=== Section Start ===

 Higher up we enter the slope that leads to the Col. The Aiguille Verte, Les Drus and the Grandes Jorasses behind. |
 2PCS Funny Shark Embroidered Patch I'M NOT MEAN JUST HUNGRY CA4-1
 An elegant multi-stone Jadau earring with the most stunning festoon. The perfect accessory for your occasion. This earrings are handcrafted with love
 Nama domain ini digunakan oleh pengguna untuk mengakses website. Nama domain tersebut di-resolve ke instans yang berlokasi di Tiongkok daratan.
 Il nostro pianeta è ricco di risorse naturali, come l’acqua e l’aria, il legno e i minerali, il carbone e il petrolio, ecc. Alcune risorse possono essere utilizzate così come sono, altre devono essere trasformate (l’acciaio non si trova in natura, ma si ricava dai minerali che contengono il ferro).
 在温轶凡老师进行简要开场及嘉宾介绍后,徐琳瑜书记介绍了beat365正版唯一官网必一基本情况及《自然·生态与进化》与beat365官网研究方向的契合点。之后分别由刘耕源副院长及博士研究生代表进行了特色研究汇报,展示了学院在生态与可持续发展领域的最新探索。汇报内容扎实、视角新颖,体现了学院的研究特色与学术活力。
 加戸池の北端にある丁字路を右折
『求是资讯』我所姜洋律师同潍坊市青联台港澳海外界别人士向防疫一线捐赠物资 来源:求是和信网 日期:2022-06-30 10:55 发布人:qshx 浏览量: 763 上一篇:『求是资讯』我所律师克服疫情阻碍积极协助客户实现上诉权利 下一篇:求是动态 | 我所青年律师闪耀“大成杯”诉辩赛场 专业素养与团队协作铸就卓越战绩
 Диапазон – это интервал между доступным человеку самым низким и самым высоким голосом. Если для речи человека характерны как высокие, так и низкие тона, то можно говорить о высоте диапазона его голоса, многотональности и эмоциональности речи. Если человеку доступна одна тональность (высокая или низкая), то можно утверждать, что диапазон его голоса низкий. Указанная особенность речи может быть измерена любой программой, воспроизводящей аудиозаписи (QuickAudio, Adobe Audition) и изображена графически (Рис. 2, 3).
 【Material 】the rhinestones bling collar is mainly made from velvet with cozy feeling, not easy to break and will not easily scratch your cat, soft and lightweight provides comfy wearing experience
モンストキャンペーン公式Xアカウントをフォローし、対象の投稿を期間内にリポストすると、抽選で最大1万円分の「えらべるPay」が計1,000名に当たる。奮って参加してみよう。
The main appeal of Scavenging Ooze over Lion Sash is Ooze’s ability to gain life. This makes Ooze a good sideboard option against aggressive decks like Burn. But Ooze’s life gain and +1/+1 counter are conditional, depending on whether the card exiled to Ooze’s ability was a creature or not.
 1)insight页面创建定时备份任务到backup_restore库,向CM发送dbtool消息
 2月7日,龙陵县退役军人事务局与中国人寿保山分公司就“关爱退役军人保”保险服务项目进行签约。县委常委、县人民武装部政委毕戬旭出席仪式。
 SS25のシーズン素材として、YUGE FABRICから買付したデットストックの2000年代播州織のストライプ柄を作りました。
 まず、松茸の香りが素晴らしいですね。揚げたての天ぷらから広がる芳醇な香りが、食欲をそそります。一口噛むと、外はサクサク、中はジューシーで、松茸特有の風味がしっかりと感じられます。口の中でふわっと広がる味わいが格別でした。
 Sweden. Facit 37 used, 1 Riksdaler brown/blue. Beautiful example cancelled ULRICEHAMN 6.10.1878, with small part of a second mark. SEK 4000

=== Section End ===

- What you should do
When you retype the data above, start at its first line, stop after the line containing "Nama domain ini", and leave out everything else.

- Answer to this exercise
 Higher up we enter the slope that leads to the Col. The Aiguille Verte, Les Drus and the Grandes Jorasses behind. |
 2PCS Funny Shark Embroidered Patch I'M NOT MEAN JUST HUNGRY CA4-1
 An elegant multi-stone Jadau earring with the most stunning festoon. The perfect accessory for your occasion. This earrings are handcrafted with love
 Nama domain ini digunakan oleh pengguna untuk mengakses website. Nama domain tersebut di-resolve ke instans yang berlokasi di Tiongkok daratan.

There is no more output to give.